3.07.2008

more hypocrisy from the harper government

I was going to write this myself, but the Globe and Mail saved me the trouble.
Canadians condemned to die

Canada's Foreign Affairs Minister objects to the judicially authorized beheading facing a Canadian man in Saudi Arabia, saying it is out of step with this country's values. Yet that same Foreign Minister, Maxime Bernier, is silent in the face of the death penalty by lethal injection facing another Canadian man, this one in the United States. The message is obvious: The U.S. death penalty is in line with Canada's values, as perceived by the Canadian government.

The government's position is odious and absurd. The Canadian government itself is out of step with this country's values, as embodied in its laws, its Supreme Court of Canada judgments and its long-time practices. By this glaring inconsistency, the government may have fatally undermined its ability to seek clemency for Canadians such as 23-year-old Mohamed Kohail of Montreal, who faces beheading in Saudi Arabia after being convicted in connection with a schoolyard brawl that took a life.

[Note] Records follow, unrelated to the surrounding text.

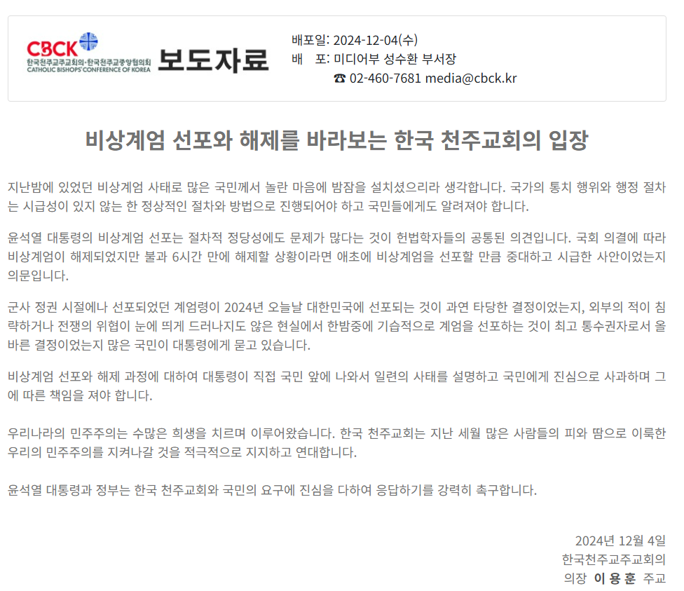 비상계엄 선포와 해제를 바라보는 한국 천주교회의 입장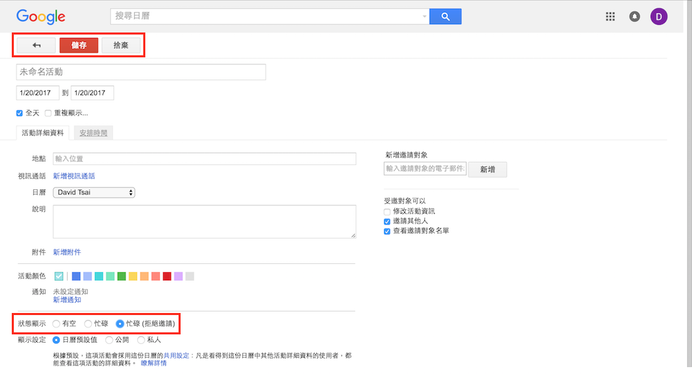 第三步 – 編輯活動,並設定為忙碌 (拒絕邀請),接著儲存活動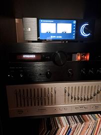 Ampli ibrido 130 watt x canale su 8 hom con funzione prealvoare e fiinale a transistor amplificatore ad alte prestazioni con 2 Ecc tubi 81 preselezionate e rodate.Preampli fono con ingresso MM/MC e filtro subsonico.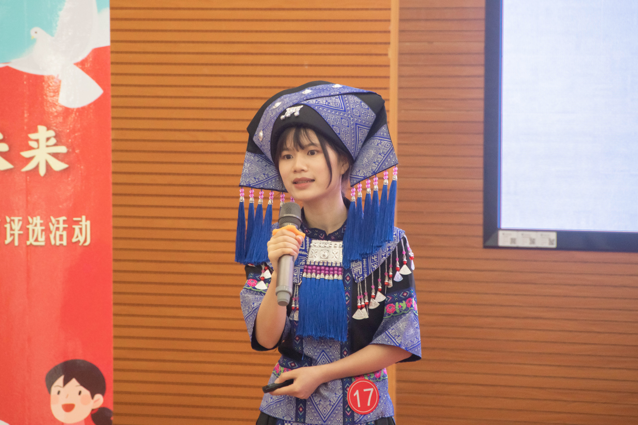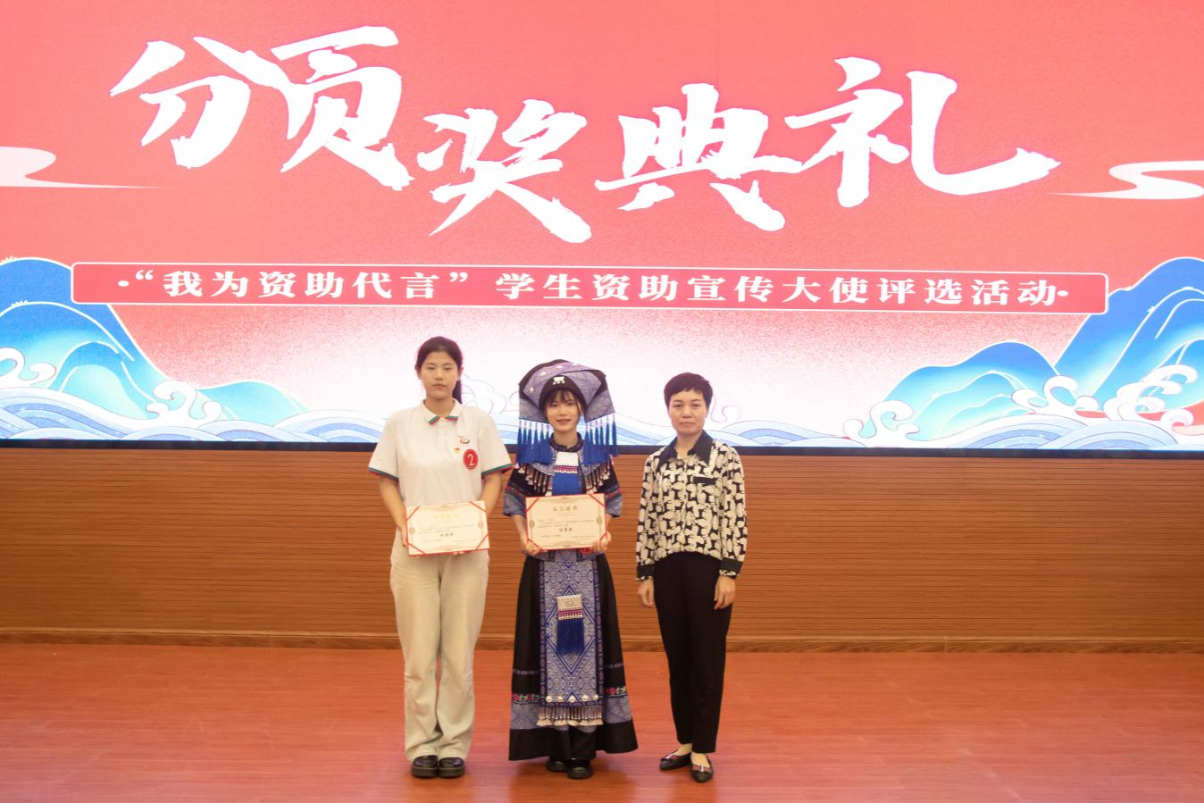 本次比赛设资助政策宣讲和资助政策问答两个环节。比赛中,黄桂芬同学以《苔花如米小,也学牡丹开》为主题,声情并茂地讲述了自己在国家资助政策的帮扶下一路披荆斩棘,从辍学到复学、从中职到本科的成长历程。她富有感染力的表现以及发自内心对国家资助的感恩之情获得了现场评委和观众的一致认可。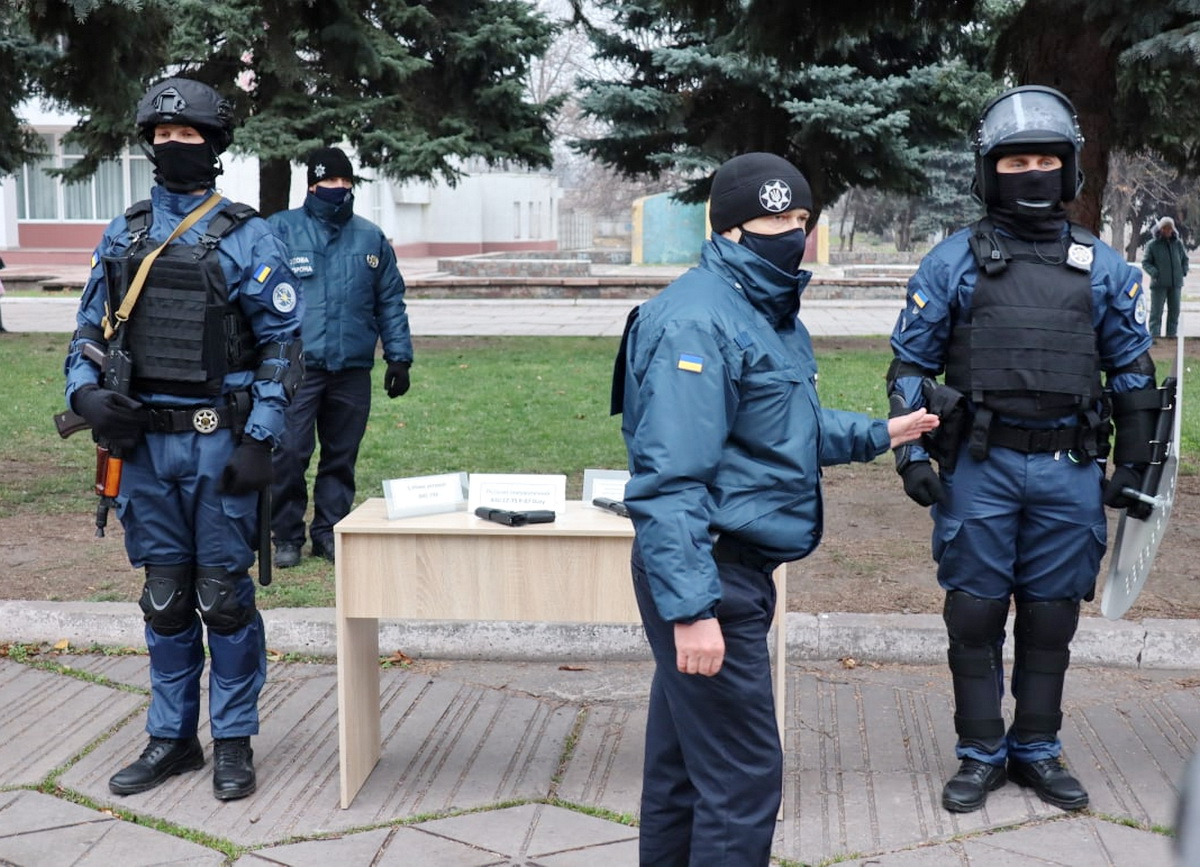 Презентуючи кам’янчанам Службу судової охорони, судові охоронці Дніпропетровщини продемонстрували зразки однострою, екіпірування, спеціальних засобів підрозділів охорони, швидкого реагування та особистої безпеки суддів, засоби зв’язку тощо.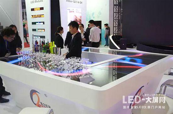讓人眼前一亮的還有強力巨彩的T1.66高密度“吧臺”,這塊顯示效果超高清、畫面逼真,能真正做到低亮高灰、刷新率高達3840Hz以上的T1.66高密度屏被精心鑲嵌在吧臺中,配合著會場的主旋律五彩閃耀,為觀展者營造了一種參加酒會的即視感,時尚又很有國際范兒。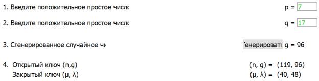 В качестве открытого ключа принимаем пару (n, g), а закрытого - ( , ).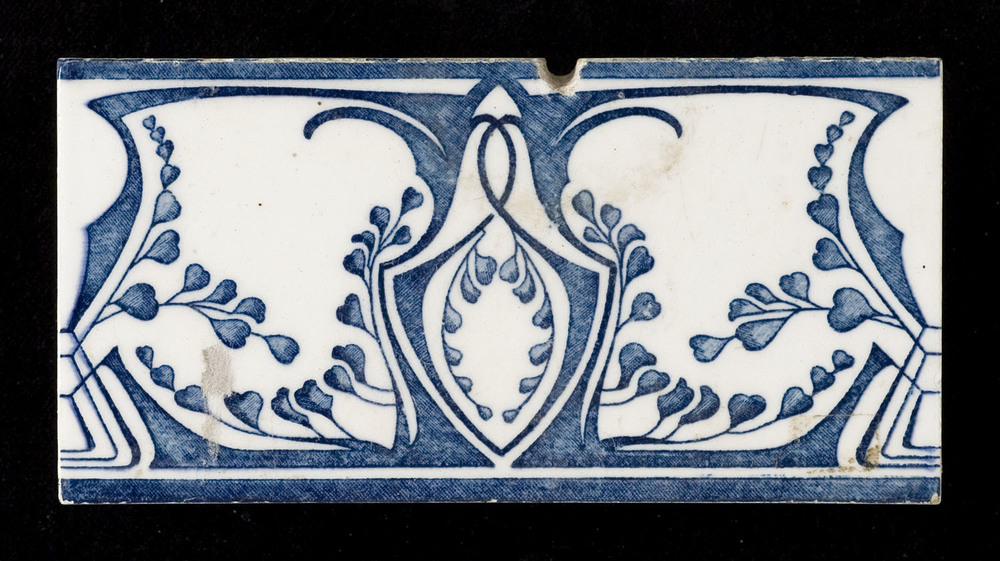 Randtegel in transfertechniek, met voorstelling, orn...
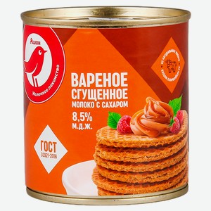 Молоко сгущенное АШАН Красная птица Вареное с сахаром 8,5% ГОСТ БЗМЖ, 370 г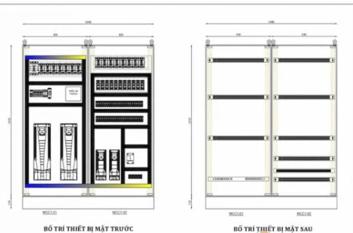 · Các bộ dụng cụ điện như: khởi động từ, aptomat, công tắc tơ đóng cắt sẽ được đặt cùng hàng và ở dưới cùng.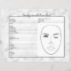 This simple and contemporary beauty consultation face chart is perfect for any modern business; salons, stores, and various businesses. . It features a simple black and white marble background with black handwritten cursive script typography, a face chart, and a place for your logo and business information. It's elegant, chic, trendy, and cool. ***Contact the designer if you need any change to the sheet.***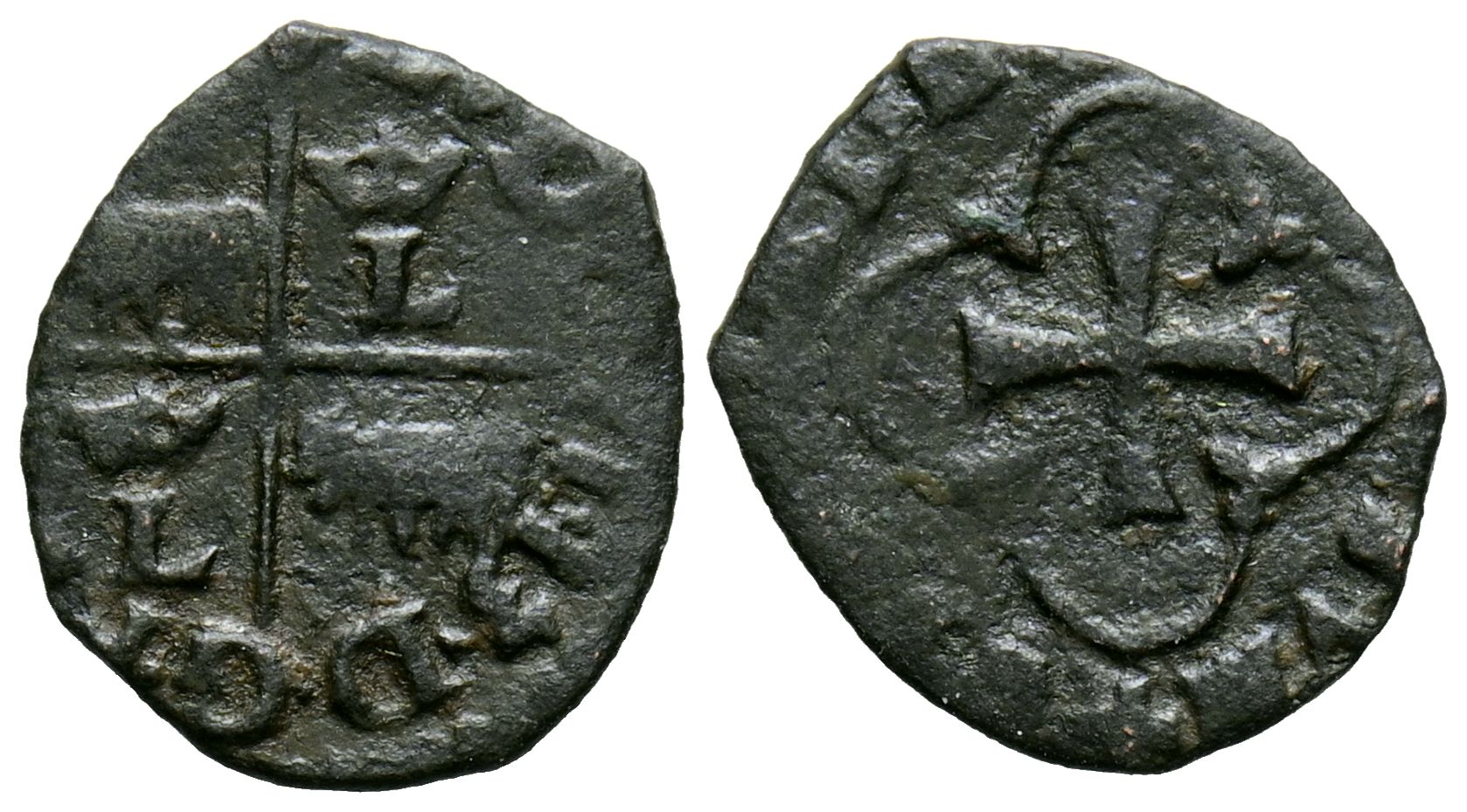 FRANCIA, Luis XIII (1610-1643). Vaquette (1º tipo). (Ae. 0,46g/12mm). Morlaàs (Navarra Francesa). (Duplessy 1355). Anv: Cruz, vacas en 1º y 4º cuadrante y L coronada en 2º y 3º cuadrante, alrededor leyenda: LVDOVI 13 D G F ET N REX. Rev: Cruz patada dentro de una gráfila floral, alrededor leyenda: GRATIA DEI SVM ID Q SVM. MBC. Escasa.

Why should Saudi Arabia listen to Canada's pleas for Mr. Kohail, when Canada will not also plead for the life of Ronald Allen Smith, who is on Montana's death row? Canada will get nowhere if it simply asks for its nationals to be in effect exempt from the justice systems of certain countries. "To not seek clemency in Country X because it was seen as democratic and where the rule of law predominates, would seriously erode efforts to obtain clemency in Country Y - where such conditions did not exist," says the retired Gar Pardy, whose job it was in Foreign Affairs to try to save the lives of Canadians on death row around the world.

To seek clemency for Mr. Smith would not be to declare any sympathy for the convicted killer of two men. It would simply be consistent with Canada's obligation to protect its citizens from inhumane practices abroad. Not only does Canada have no death penalty; our Supreme Court will not permit accused killers to be extradited to face the death penalty. Canada has long sought clemency in death-penalty cases in the United States, and spoken up against the death penalty in international forums - even under the current government. Canada's abhorrence of state-sanctioned killing is a matter of record.

The Stephen Harper government's refusal to seek clemency for Mr. Smith is a damaging retreat from this country's principled stand against the death penalty. Whatever limited powers of persuasion Canada possessed in standing up against the death penalty for people like Mr. Kohail are probably gone.